Season the short ribs generously with salt and pepper on all sides.
Heat olive oil in a large Dutch oven or heavy-bottomed pot over medium-high heat. Once hot, add the short ribs in batches and sear them on all sides until deeply browned. This step helps to develop flavor and create a nice crust on the meat.
Remove the seared short ribs from the pot and set them aside. In the same pot, add diced onion and minced garlic. Saute until the onion becomes translucent and the garlic is fragrant, about 2-3 minutes.
Pour in the root beer, using it to deglaze the pot by scraping up any browned bits from the bottom with a wooden spoon. This adds depth of flavor to the sauce.
Stir in the barbecue sauce, coating the onions and garlic evenly. Choose your favorite barbecue sauce, whether it's store-bought or homemade, to customize the flavor of the dish.
Return the seared short ribs to the pot, nestling them into the sauce. Make sure the ribs are submerged as much as possible.

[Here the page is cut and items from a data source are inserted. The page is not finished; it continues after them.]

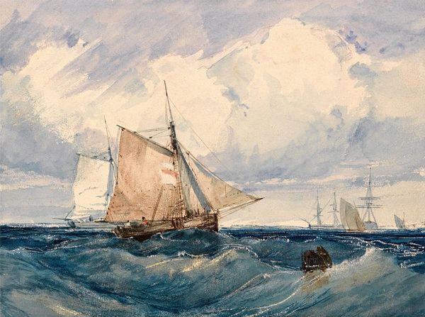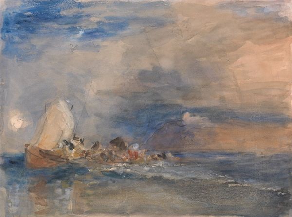 Editor: Here we have Turner’s "A Paddle-steamer in a Storm," dating from about 1841. It seems to be worked primarily in watercolor. I find it quite dramatic and unsettling, like nature's about to swallow that tiny steamboat whole. What strikes you when you look at this work? Curator: Formally, what arrests my attention is the dissolution of solid form. Consider the blurring of the boundaries between the sky and sea. The pigment seems less applied, more exhaled onto the surface. Note also the indistinct mass of the steamer, a series of calligraphic marks hinting at rather than defining structure. Editor: So, it’s almost like the storm itself is the subject, more so than the ship? Curator: Precisely. The conventional subject, a boat, serves more as a foil. Turner here presents us with an essay on the power, or the sublime, invested in a seascape; a pure essay in formal equivalence between external weather and internal, psychological experience. Note how he deployed loose brushwork to describe churning clouds, contrasting their opacity with the transparent washes in the sea below. Editor: The way you describe the paint application, especially exhaled, is very evocative. It emphasizes the immediate feeling of the work, rather than any precise rendering. I also see what you mean about formal equivalence—that’s a great way to put it! Curator: Turner, in his masterful stroke, transforms mere visual elements into carriers of emotive power. We understand a formal study of the materiality that invites us into a state of heightened receptivity and thought.
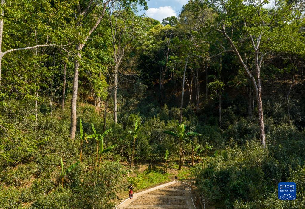 3月25日,景邁山茶農葉寶在古茶林里采茶(無人機照片)。
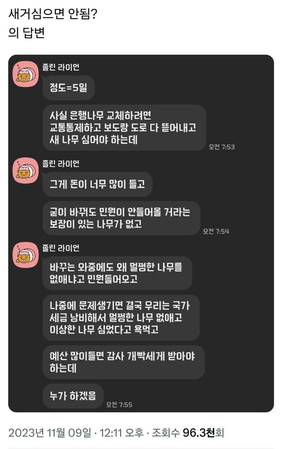그런데, 이 논란은 여기서 끝이 아니었다. 졸린 라이언은 "은행나무를 교체하려면 교통 통제와 보도, 도로를 다 뜯어내고 새 나무를 심어야 하는데, 그 과정이 너무 복잡하고 비용도 만만치 않다"는 사실을 알렸다. 더욱이, "그런 일을 겪고 나서 이상한 나무를 심었다고 욕먹는 것"에 대한 불안감까지 토로하며, 실제로 민원이 발생할 가능성까지 우려했다.
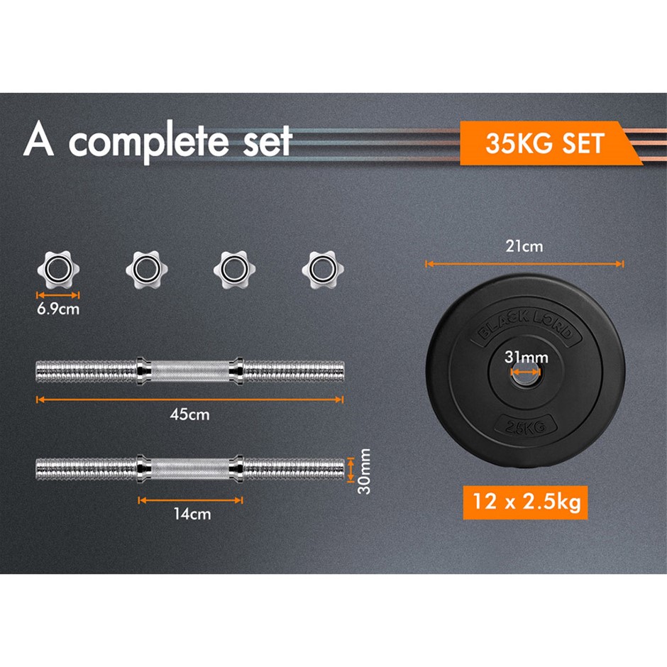 BLACK LORD 35KG Adjustable Dumbbell Set Rubber Weight Plates Lifting Bench (NEW)
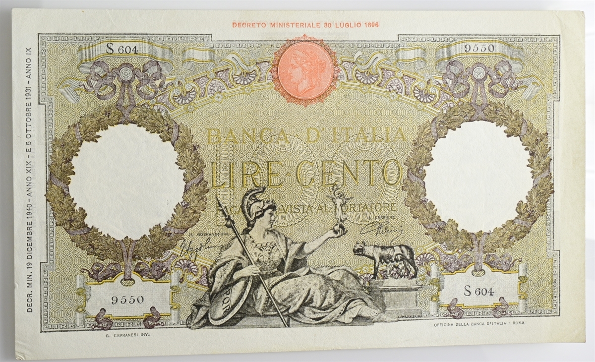 Vittorio Emanuele III. 100 Lire tipo 19-12-1940.

Cover the pot with a lid and reduce the heat to low. Let the short ribs simmer in the sauce for 2-3 hours, or until the meat is tender and falling off the bone. Check occasionally and add more root beer or water if needed to prevent the sauce from drying out.
Once the short ribs are done, remove them from the pot and place them on a serving platter. Spoon the root beer BBQ sauce over the top and garnish with chopped fresh herbs, such as parsley or cilantro, if desired. Serve hot and enjoy!